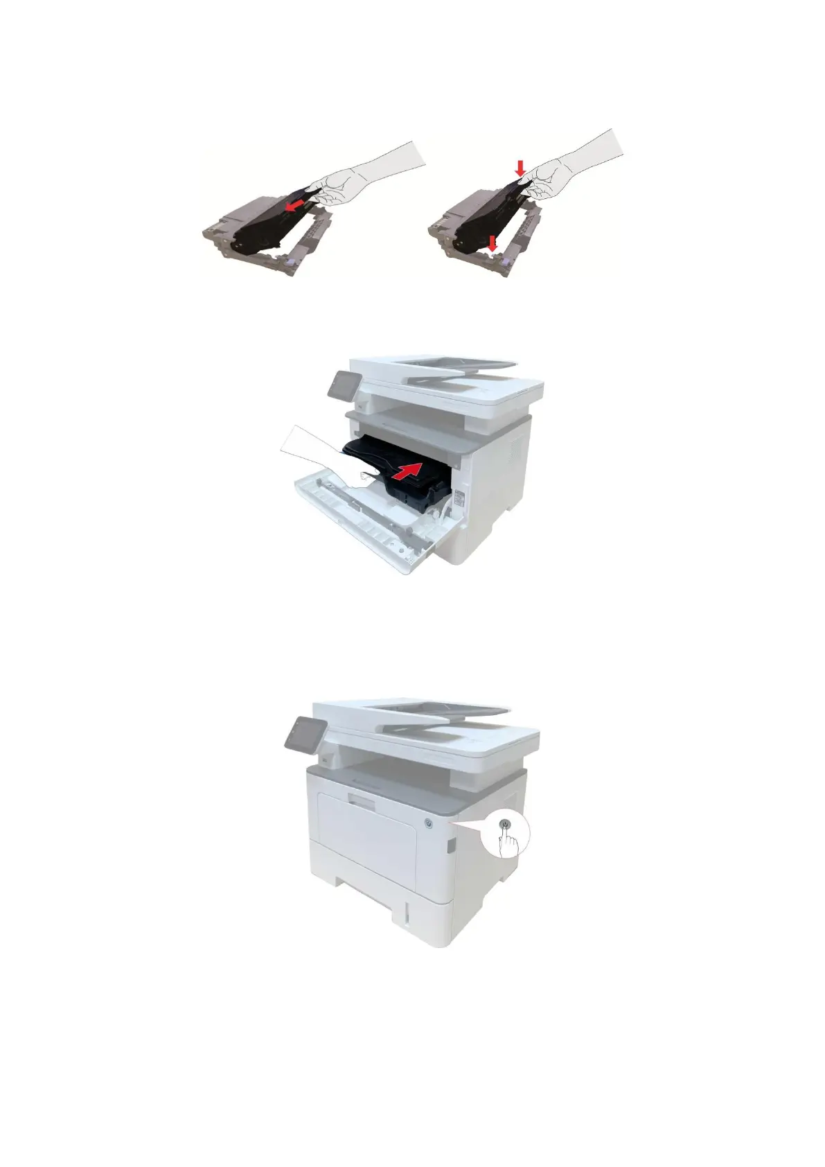 7. Take the drum component with toner cartridge installed and install it inside the printer along the
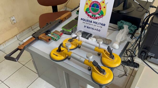 Dentro da casa foi encontrada uma arma tipo fuzil de calibre 22, munições e uma balança de precisão, maconha e cocaína, caracterizando que ali era um pequeno ponto de venda de droga.
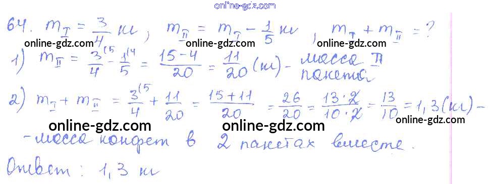 Готовые домашние задания по Математике за 6 класс Дидактические материалы Чесноков, Нешков 2014 - Вариант 1 Самостоятельные работы 64
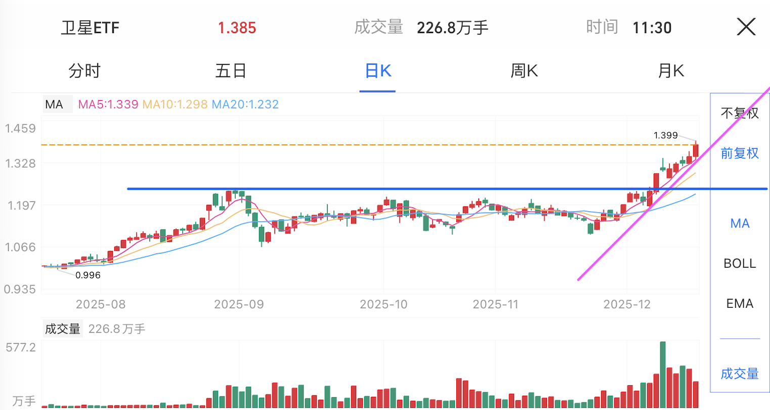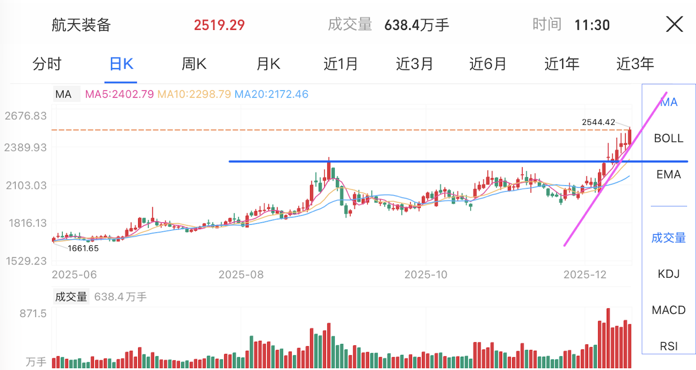 卫星、航天装备:在经历了长期底部横盘震荡后,近期成功放量向上突破了长期压制其走势的关键颈线位,打开了新的上涨空间。但鉴于短期涨幅较大,需警惕技术性回调,部分获利资金可能选择兑现利润,引起波动。
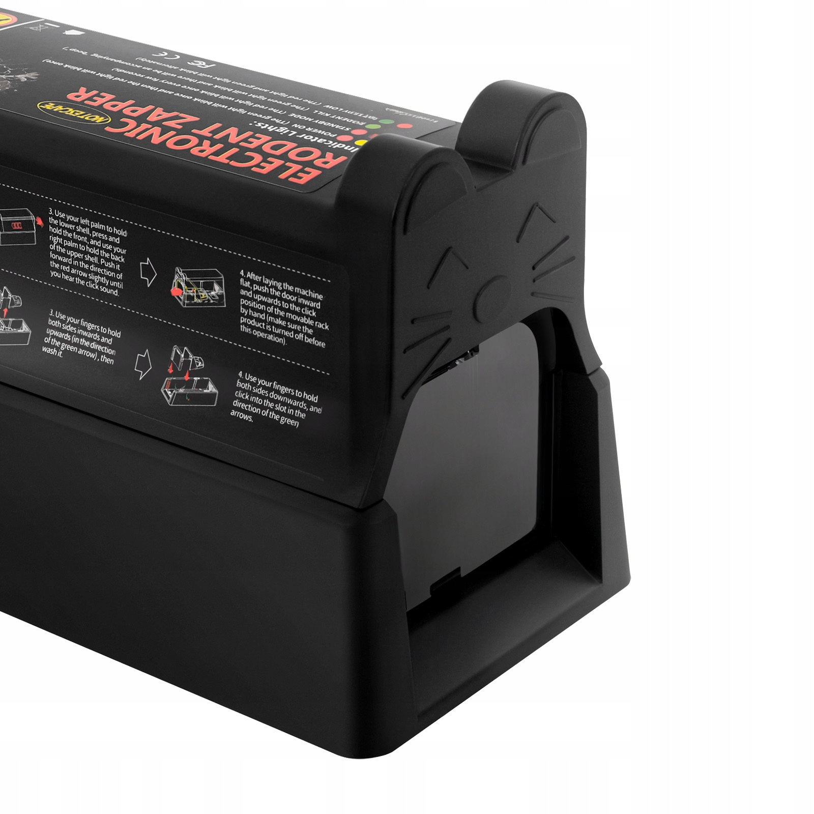 Продумана конструкція: під час лову щурів блимає зелене світло, а виріб подає звуковий сигнал, щоб нагадати вам вчасно очистити його, щоб уникнути гниття трупів щурів. Крім того, коли продукт під напругою, червоний і зелений індикатори почергово блимають, щоб нагадувати вам замінити акумулятор або перевірити його.
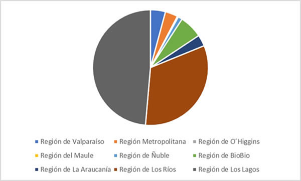 La producción de leche en la región de Los Lagos mantiene al mes de octubre de 2023 una variación negativa de 4,7% en relación con el mismo periodo del año anterior, sumando 834,28 millones de litros, lo cual supone caer 40,7 millones respecto del ejercicio anterior. De todas formas, la región de Los Lagos se mantiene como la principal zona productora de leche cruda a nivel nacional al concentrar un 49,4% de participación.
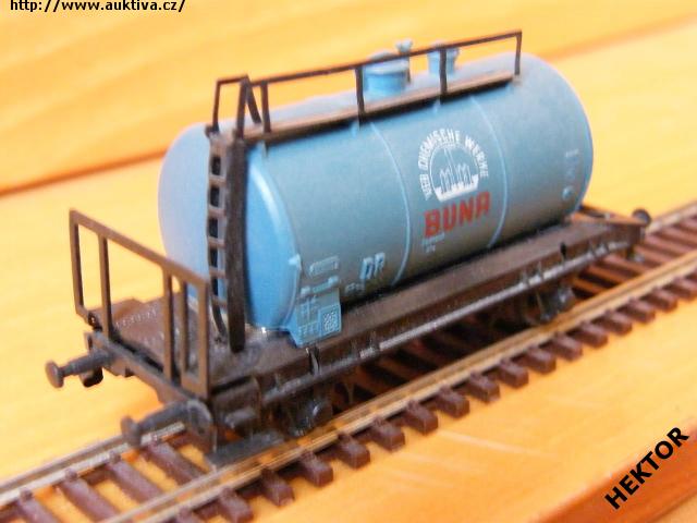 RARITA!!! Sběratelský model 2osé cisterny typu Zw 52, DR, kotel stříkaný modrou, logo a popisy lisované, na kotli uprostřed nahoře tištěno bílou a pod ním červenou nápis BUNA, vysoké kovové zábradlí brzdové lávky, kovový žebřík a horní lávka, spodek vozu černý příhradový lepený, brzdová soustava vkládaná černá. Výrobcem Zeuke koncem 60. let, kat. č. 545/739. Výměnná spřáhla a umělohmotná dvojkolí. Po zakoupení byl model pouze občas ježděn, je dlouho neježděn. Bez originální krabičky.
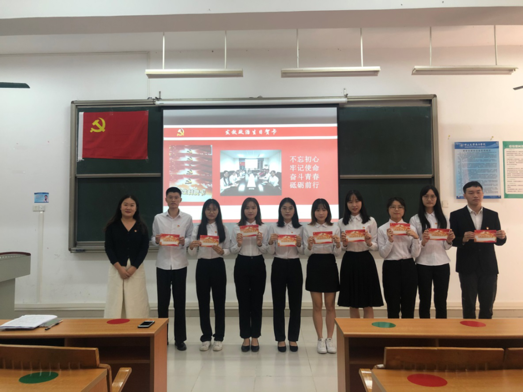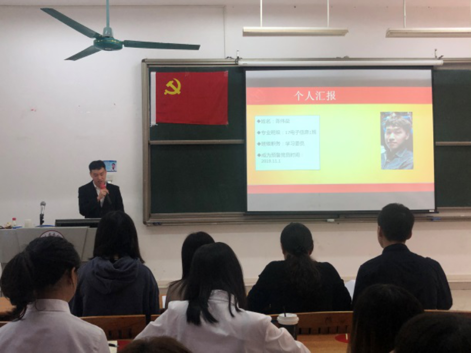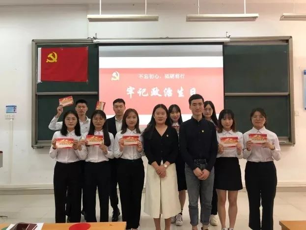 而后孙大伟老师主持“过政治生日、忆入党初心”主题活动,为2019秋季预备党员过政治生日,通过幻灯片展示了9名党员的精神面貌,孙老师送上寄语希望大家不忘初心、牢记使命、奋斗青春、砥砺前行。
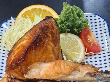 Grilled salmon collar cheek
..........
:: Task brief ::
Output exactly those lines of the data above that run from the line with "Готовые домашние задания" up to and including the line with "Продумана конструкція: під". No pictures go in.

:: Answer to this exercise ::
 Готовые домашние задания по Математике за 6 класс Дидактические материалы Чесноков, Нешков 2014 - Вариант 1 Самостоятельные работы 64
 卫星、航天装备:在经历了长期底部横盘震荡后,近期成功放量向上突破了长期压制其走势的关键颈线位,打开了新的上涨空间。但鉴于短期涨幅较大,需警惕技术性回调,部分获利资金可能选择兑现利润,引起波动。
 Продумана конструкція: під час лову щурів блимає зелене світло, а виріб подає звуковий сигнал, щоб нагадати вам вчасно очистити його, щоб уникнути гниття трупів щурів. Крім того, коли продукт під напругою, червоний і зелений індикатори почергово блимають, щоб нагадувати вам замінити акумулятор або перевірити його.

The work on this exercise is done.